Beazley is now safely back in the green, with gross premiums rising 30 per cent to $4.6bn in the year to the end of December, and net claims retreating by 7 per cent to a more manageable $1.8bn thanks to fewer marine, property and contingency claims. MT
Relx (REL), a global provider of data and decision tools, has announced a £500m share buyback scheme following a strong year of trading. Its risk & business arm is performing particularly well, as demand for fraud prevention tools increases. Management also noted stronger than usual growth in its science and legal divisions.
However, its performance has been hampered by currency movements, which decreased revenue growth by 6 per cent. (The group reports in sterling, but the majority of its sales are in US dollars). JS
Stocks in Europe are broadly higher again on Thursday, with the FTSE 100 again making a new pandemic high as it edges closer to 7,700. US markets ended higher on Wednesday, led by a strong rally for tech and communications. The Nasdaq jumped over 2 per cent and the S&P 500 gained 1.5 per cent, powered in part by good earnings from Disney (DIS) and Uber (UBER).

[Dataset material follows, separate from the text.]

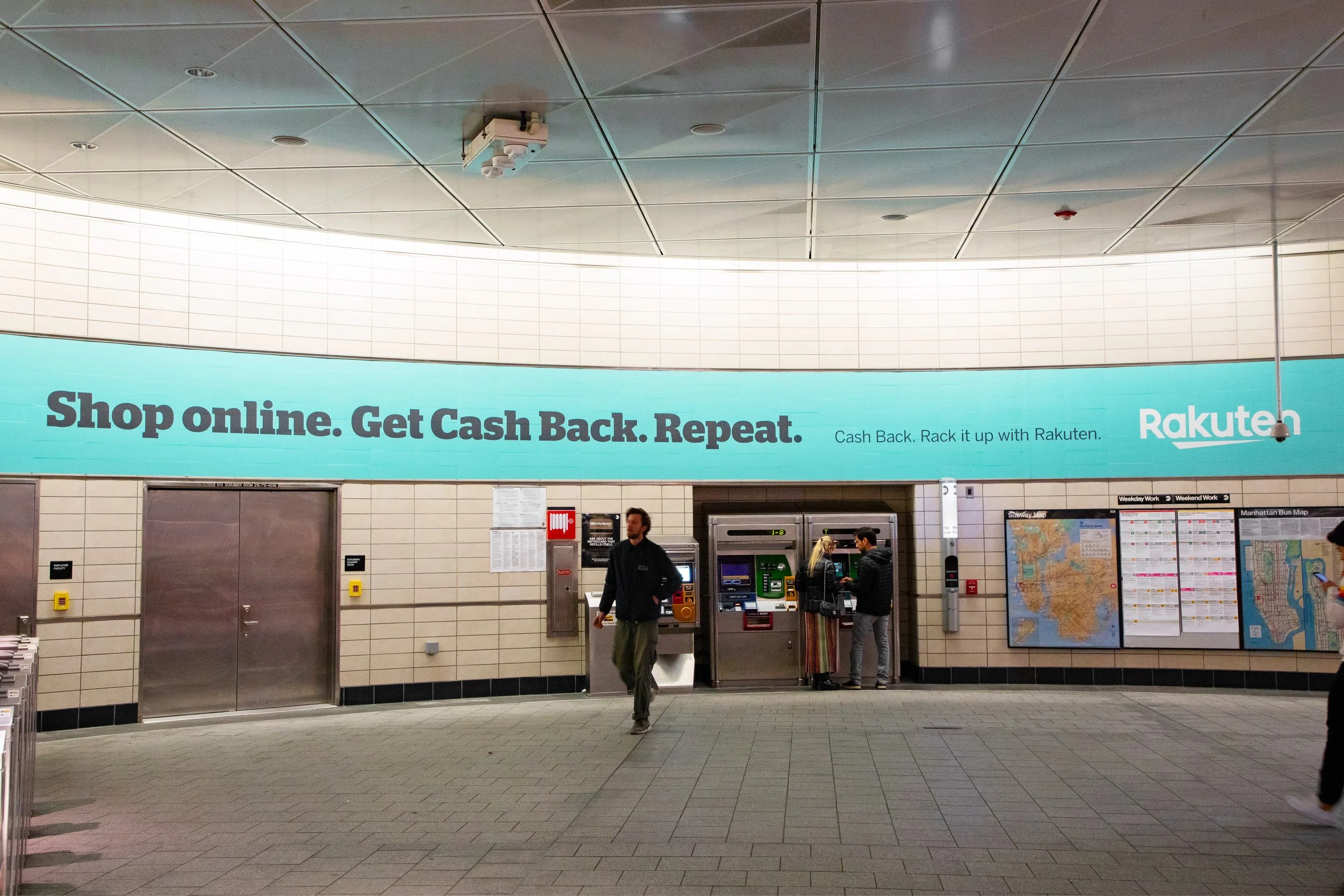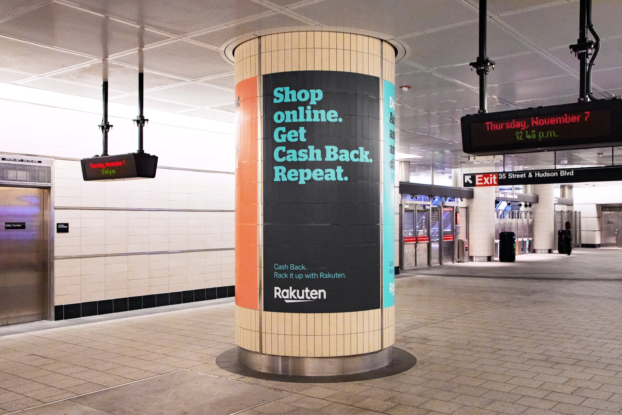 To extend the “Cash Back, Rack it Up.” brand message of Rakuten, we kicked off a nationwide out-of-home campaign featuring large scale subway station takeovers in New York and San Francisco. The copy-driven campaign evolved the conversational approach of the television campaign into a no-nonsense, straight-talking tone of voice—delivered with a bold, clean design approach.
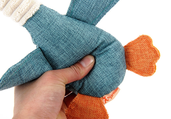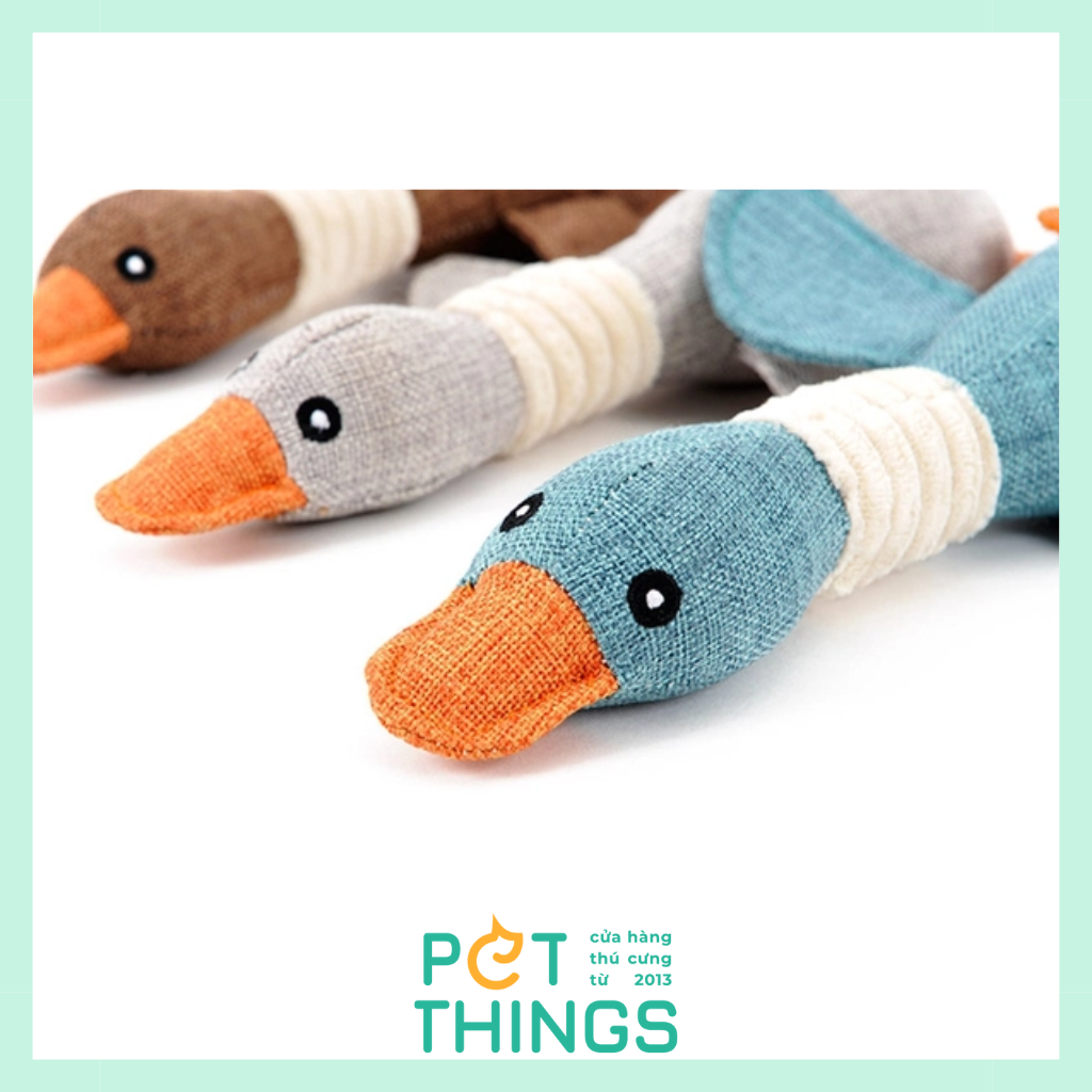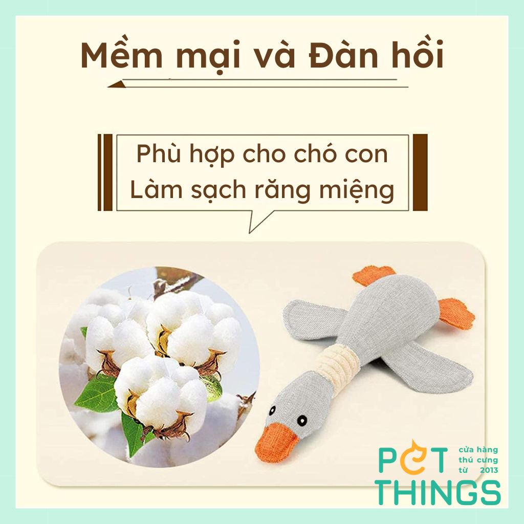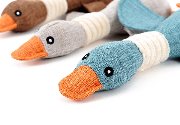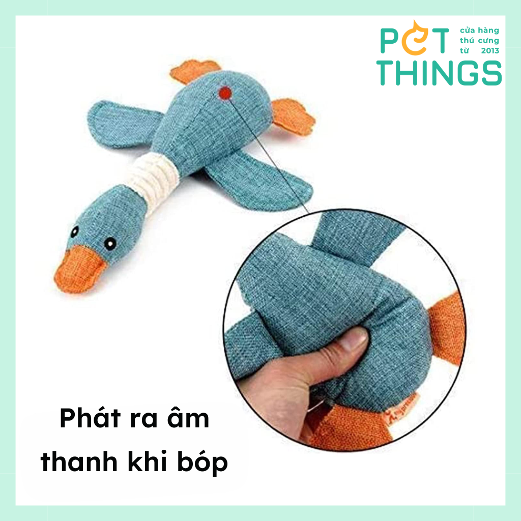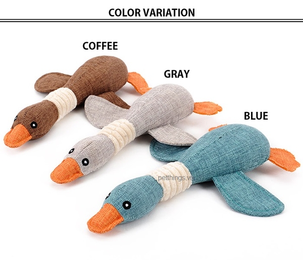 Đồ chơi sẽ phát ra tiếng kêu "chút chít" khi chó cắn vào phần loa âm thanh được tích hợp ở cổ vịt, khiến trò chơi trở nên thú vị hơn.

The Fed’s Mester said that while "each meeting is going to be in play" this year, she doesn’t see any “compelling case” to start with 50bps. Today's US CPI inflation report could go a long way to telling us whether the FOMC goes with 50bps in March or just the 25bps. Core inflation is expected to rise by 0.4 per cent, or 7.2 per cent year-over-year. US 10yr yields are static around 1.94 per cent, 2s at 1.36 per cent in anticipation of a bunch of rate hikes this year and next.
These comments from HSBC’s Steven Major: "We cannot rule out higher yields near-term but have not changed our lower-for-longer bond yield forecasts... Today our end-2022 forecast is 1.5 per cent and for end-2023 it is 1.0 per cent.” In other words, the Fed can hike but it’s only going to have to reverse at some stage on long-term growth implications.